[[ Dataset content, beginning ]]
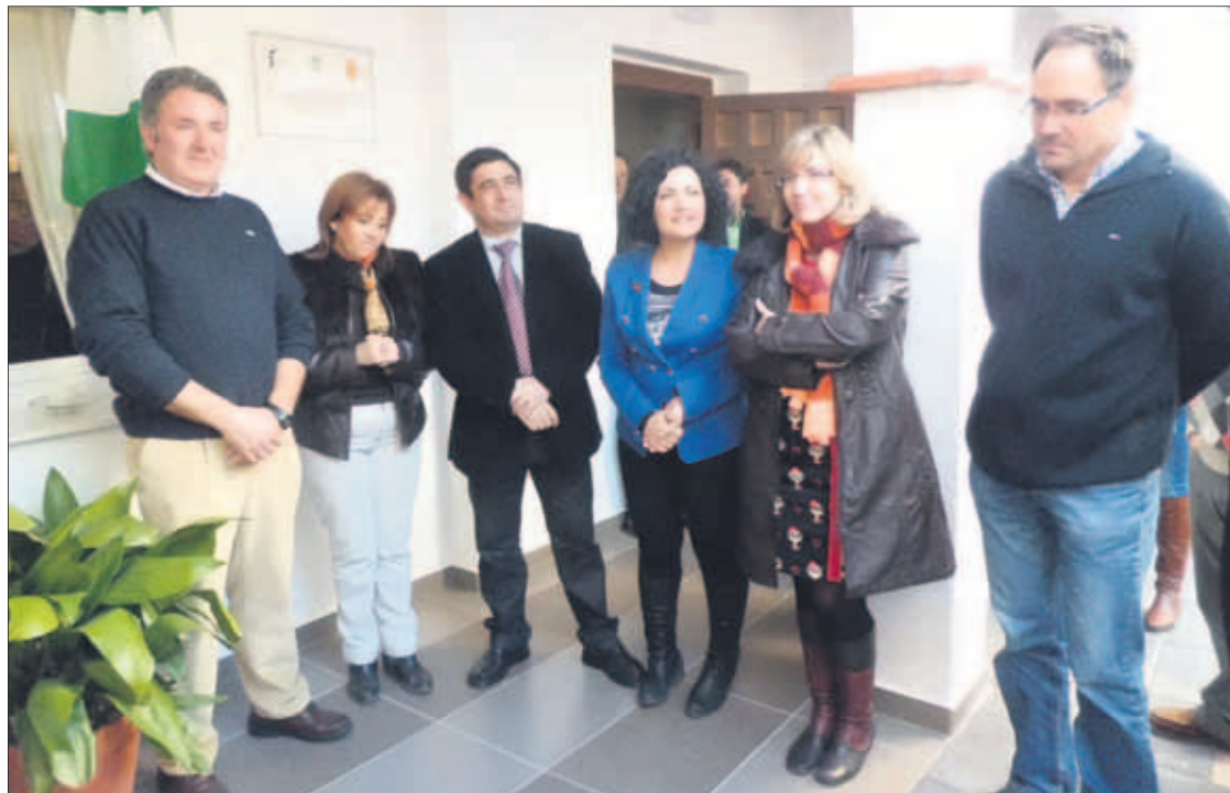
Inauguración de los modernos apartamentos del complejo turístico Monte de las Ánimas.
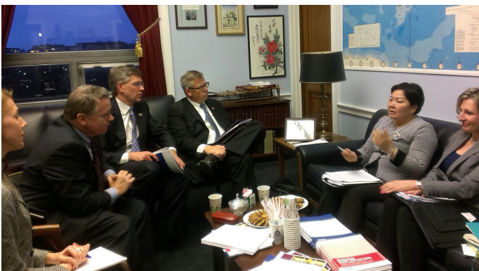
Специальный Представитель повышает общественную и политическую значимость борьбы с торговлей людьми путем сотрудничества с высокопоставленными государственными деятелями и законодателями во всем регионе ОБСЕ.

В 2013 году, ОБСЕ добавила к Плану действий четвертый раздел о партнерстве, подчеркивая необходимость более тесного сотрудничества с международными организациями и другими партнерами, в том числе по вопросам, касающихся правоохранительных структур, национального механизма передачи и рассмотрения дел (НМГП) и совместной работы между государственными ведомствами и частным сектором.
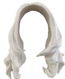
Titre : FEMME INVISIBLE - Regarde moi, 2019 Techniques : Plâtre. Dimensions : 34x28x13 cm Édition ouverte
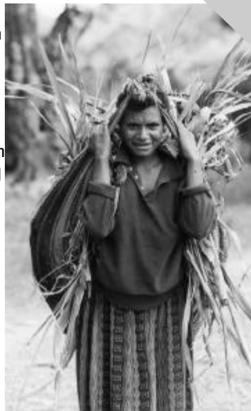
Frau mit Bilum
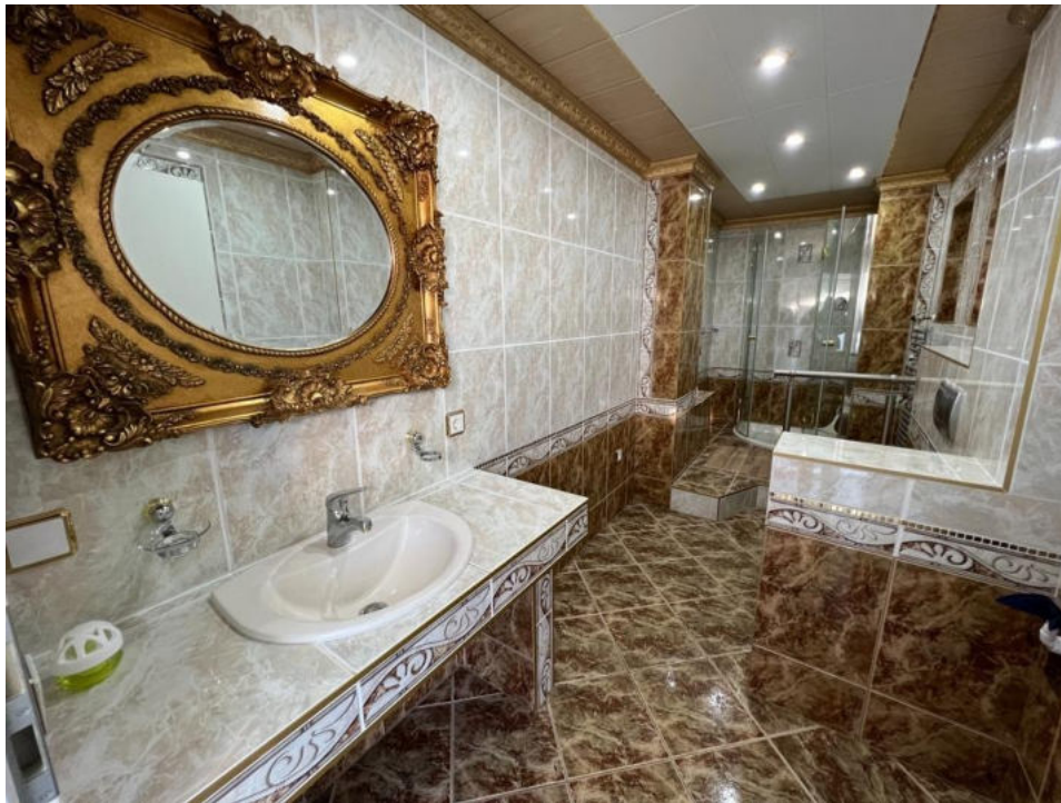
Badezimmer 1 OG
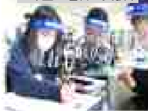
4年生 理科の実験中

児童一人一人が解決に向けて、主体的に取り組み、学びを深めました。今後も「やるべきことをやり、自ら考えて協力して行動できる」子どもを育てる工夫した授業づくりを進めてまいります。
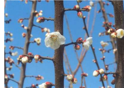
「淑やかに(白加賀)」 東川 禎男
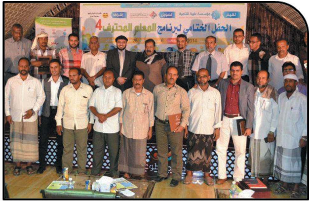
The Fourth Professional Instructor Program with 40 participants in Al Mukala in January, 2014
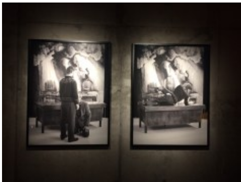
Sonderausstellung „A Chairman’s Tale“

Etwas, das viele bereits vorhergesehen hatten: Als die ersten russischen Panzer unter dem Vorwand Estland und andere Gebiete vor den Deutschen, die soeben Polen überfallen hatten, „zu beschützen“, einrollten blickte der junge estnische Staat seinem Ende entgegen. Bald begann die Sowjetmacht mit der Deportation Andersdenkender. Alleine am 21. Juni 1941 wurden über 9.000 Menschen aus ihren Häusern geholt und nach Sibirien verfrachtet. Unter den Eindrücken der Repression setzen viele Esten ihre Hoffnung zunächst auf die Deutsche Wehrmacht. Hitler brach das Abkommen mit der Sowjetunion und deutsche Truppen überschritten am 7. Juli die Grenze Estlands, wodurch die Stadt und das Land von einer Willkürherrschaft in die nächste gerieten. Die von den Esten innig erhoffte Wiederherstellung der Unabhängigkeit erfolgte nicht. Der deutsche Diktator verfolgte vielmehr das Ziel, Estland dem Deutschen Reich anzugliedern. Die erhofften „Befreier“ entpuppten sich ebenfalls als pure Aggressoren.
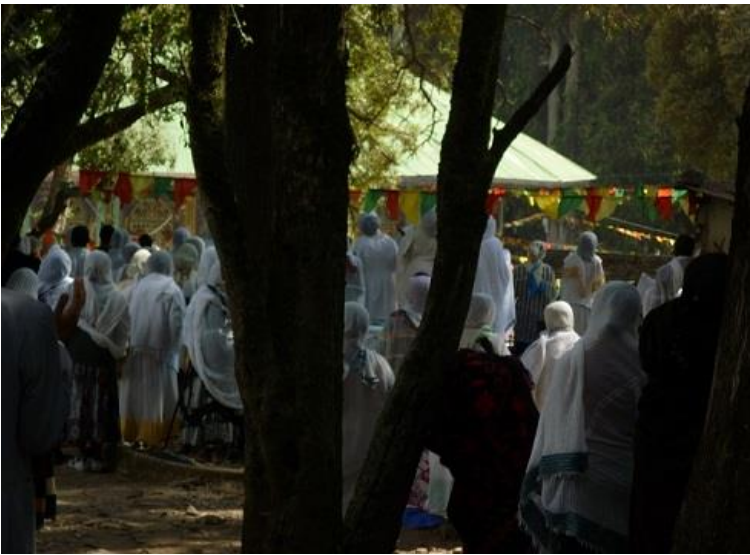
جهڙني تيمڪهت له بهردار
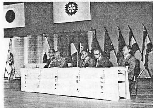
舞台上右側の特別来賓
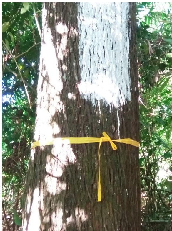
FOTO 3. Detalle del fuste del Castaño
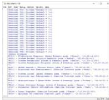
Gambar 13. Hasil simulasi Kasus-4 cukup satu kali iterasi

Hasil simulasi Kasus-4 menunjukkan tidak terdeteksi conflict , langsung diperoleh jadwal yang optimal seperti ditunjukkan pada Gambar 14.
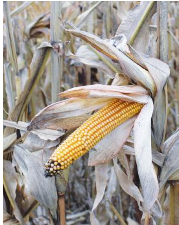
урожаю не получилось, несмотря на двойную обработку от вредителей. Пришлось отказаться от этой культуры", - рассказывает Григорий Ботов.
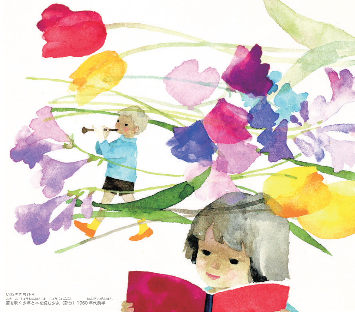
いわさきちひろ ふえふしやうねんほんよ 笛を吹く少年と本を読む少女(部分) 1960年代前半
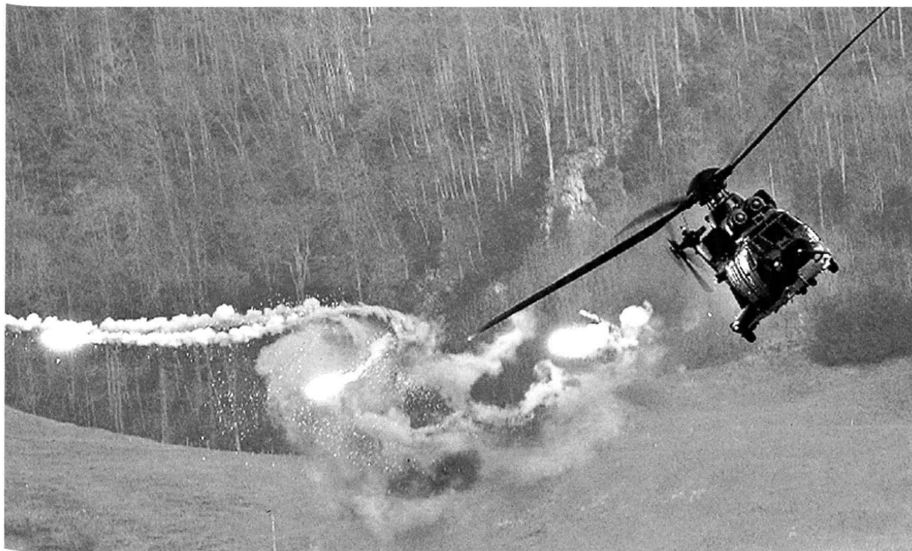
Ejection de Flares par un hélicoptère de transport TH 98.
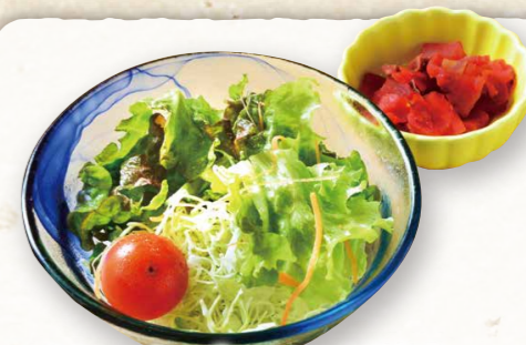
カレーセット..... +290円(税込319円)
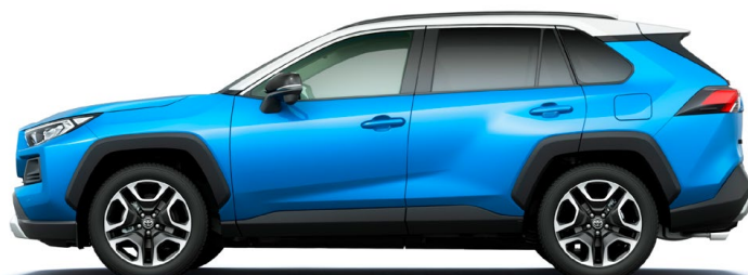
Ash Gray Metallic × Cyan Metallic

アッシュグレーメタリック(1K6)×シアンメタリック(8W9)[2QV]*3*5
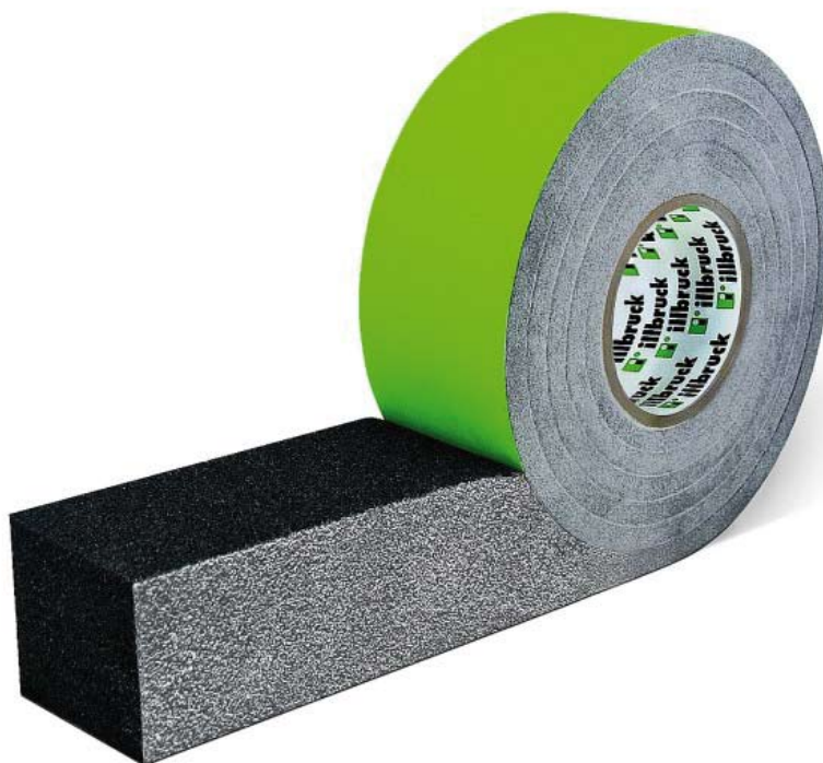
illbruck TP651 illmod Trio FBA
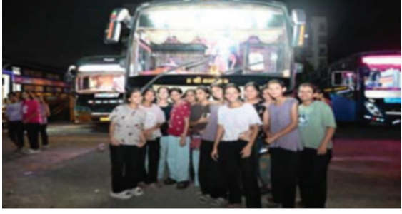
સંકુલ ખાતેથી આ પ્રવાસનો પ્રારંભ થયો હતો. આ પ્રવાસ અંતર્ગત વિદ્યાર્થીનીઓ દ્વારા જવા વિવિધ ધાર્મિક અને શૈક્ષણિક

અમરેલી, તા. ૨૦ શ્રી અમરેલી જિલ્લા લેઉવા પટેલ ચેરીટેબલ ટ્રસ્ટ-સુરત સંચાલિત, શ્રી લેઉવા પટેલ ટ્રસ્ટ માધ્યમિક કન્યા શાળા દ્વારા વિદ્યાર્થીનીઓ માટે એક ભવ્ય શૈક્ષણિક પ્રવાસનું આયોજન કરવામાં આવ્યું હતું. તારીખ ૧૮/૦૪/૨૦૨૬ના રોજ રાત્રે અમરેલી સ્થિત ગજેરા શૈક્ષણિક
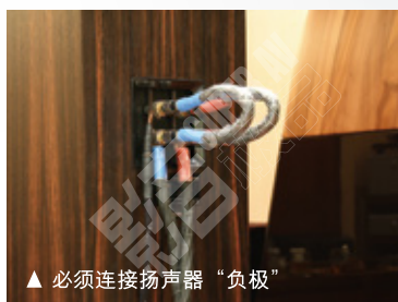
▲ 必须连接扬声器“负极”
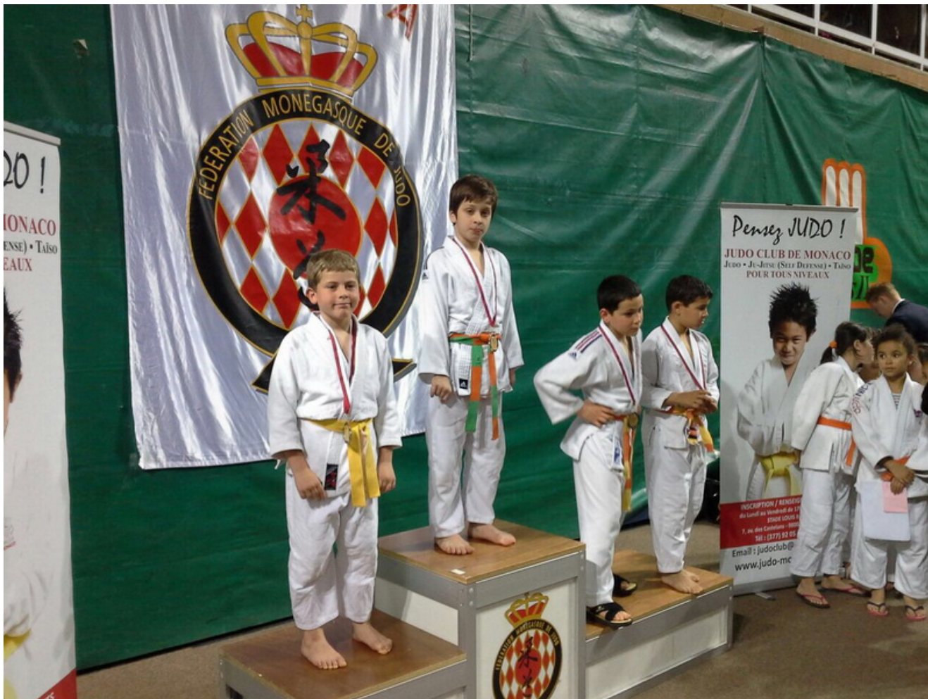
Чемпион Расул Хайтаев
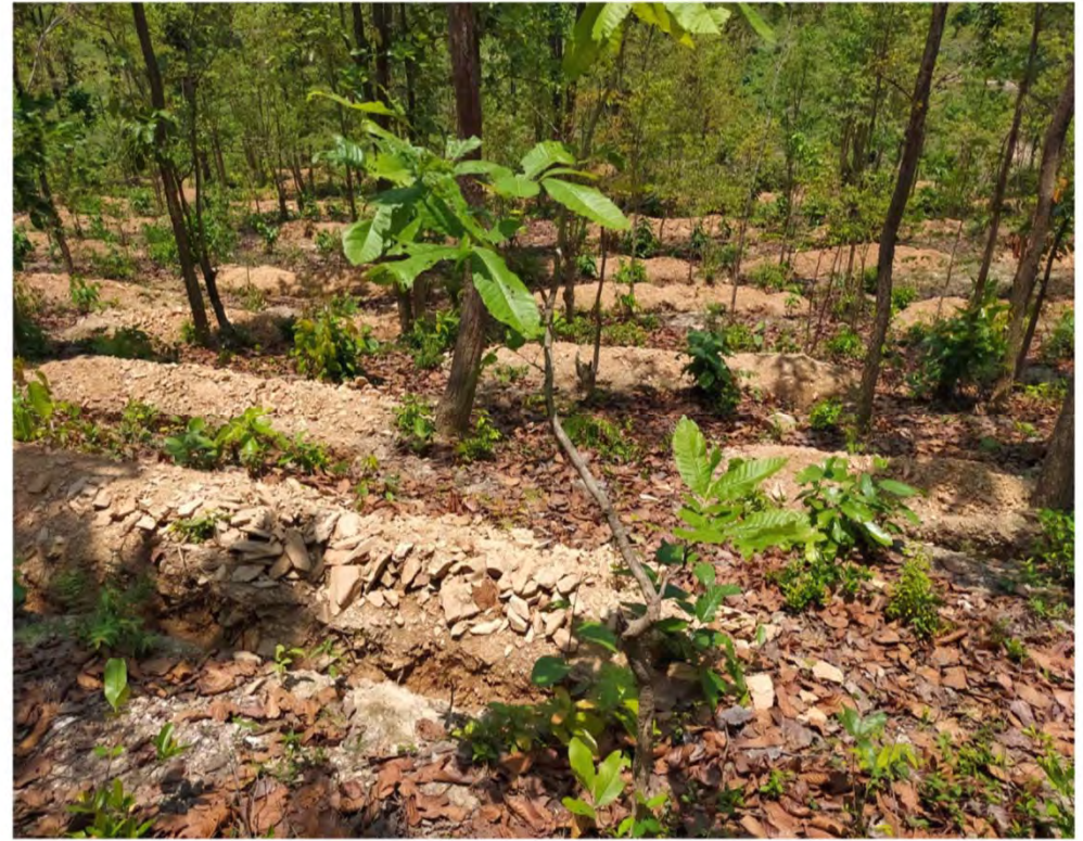
Ichahatu PF (2019-20)
[[ Dataset content, end ]]
**What is required:** Pictures excluded, reproduce only the part above that opens with the line holding "Frau mit Bilum" and closes with the line holding "Sonderausstellung „A Chairman’s", exactly as written.

**Written response:**
Frau mit Bilum
Badezimmer 1 OG
4年生 理科の実験中

児童一人一人が解決に向けて、主体的に取り組み、学びを深めました。今後も「やるべきことをやり、自ら考えて協力して行動できる」子どもを育てる工夫した授業づくりを進めてまいります。
「淑やかに(白加賀)」 東川 禎男
The Fourth Professional Instructor Program with 40 participants in Al Mukala in January, 2014
Sonderausstellung „A Chairman’s Tale“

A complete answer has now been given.